In a recent government meeting, officials highlighted the growing concerns regarding the impact of the Chinese Communist Party's (CCP) industrial policies on global competition and American national security. The discussions underscored the short-term benefits of low consumer prices due to these policies, which are overshadowed by long-term risks for the United States.
A key point raised was the stark contrast in battery production costs, which are crucial for electric vehicles (EVs). In the U.S., the cost stands at $114 per kilowatt hour, significantly higher than China's $82 per kilowatt hour. This disparity is attributed to the lower costs of materials in China, which are approximately 30% cheaper. The meeting revealed that China has effectively dominated the global supply chains for refined minerals and battery components, controlling 28% of lithium mines, 41% of cobalt mines, and nearly 20% of copper mines worldwide.
The CCP's strategy involves setting specific goals through five-year plans, protecting its emerging industries from foreign competition via tariffs and investment restrictions, and providing extensive subsidies across the value chain. This approach allows Chinese firms to acquire foreign technologies, often through questionable means, and to innovate without the associated costs of legal intellectual property acquisition.

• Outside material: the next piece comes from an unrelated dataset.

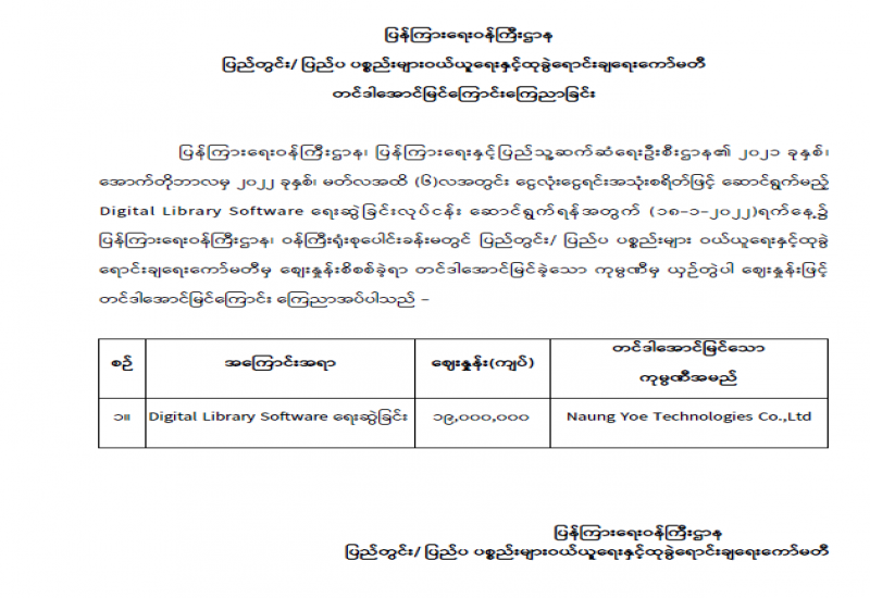 ၂၀၁၄ ခုနှစ် ပုံနှိပ်ခြင်းနှင့် ထုတ်ဝေခြင်းလုပ်ငန်းဥပဒေ၊ နည်းဥပဒေများအရ ပုံနှိပ်သူ၊ ထုတ်ဝေသူ များသည် မိမိတို့ထုတ်ဝေသည့် စာအုပ်စာစောင် ၆ အုပ် သို့မဟုတ် ၆ စောင်ကို ပြန်ကြားရေးဝန်ကြီး ဌာနသို့ အဖိုးအခလွတ် ပေးအပ်ရမည်ဖြစ်ပါသည်။ ပြန်ကြားရေးဝန်ကြီးဌာနသည် အဆိုပါစာအုပ် စာစောင်များကို အမျိုးသားစာကြည့်တိုက်၊ အမျိုးသားမှတ်တမ်းများ၊ မော်ကွန်းတိုက်ဦးစီးဌာနနှင့် အမျိုးသားစာပေဆုရွေးချယ်ရေးကော်မတီများသို့ ခွဲဝေပေးပို့လျက်ရှိပါသည်။

Once established in global markets, Chinese companies employ aggressive tactics such as overproduction and price manipulation to undermine competitors. The CCP's comprehensive strategy not only dwarfs the efforts of other nations but also aims to create a global monopoly in critical industries.
The meeting concluded with a call for a broader understanding of these dynamics, emphasizing the need for the U.S. to address the challenges posed by China's industrial policies to safeguard its economic and national security interests.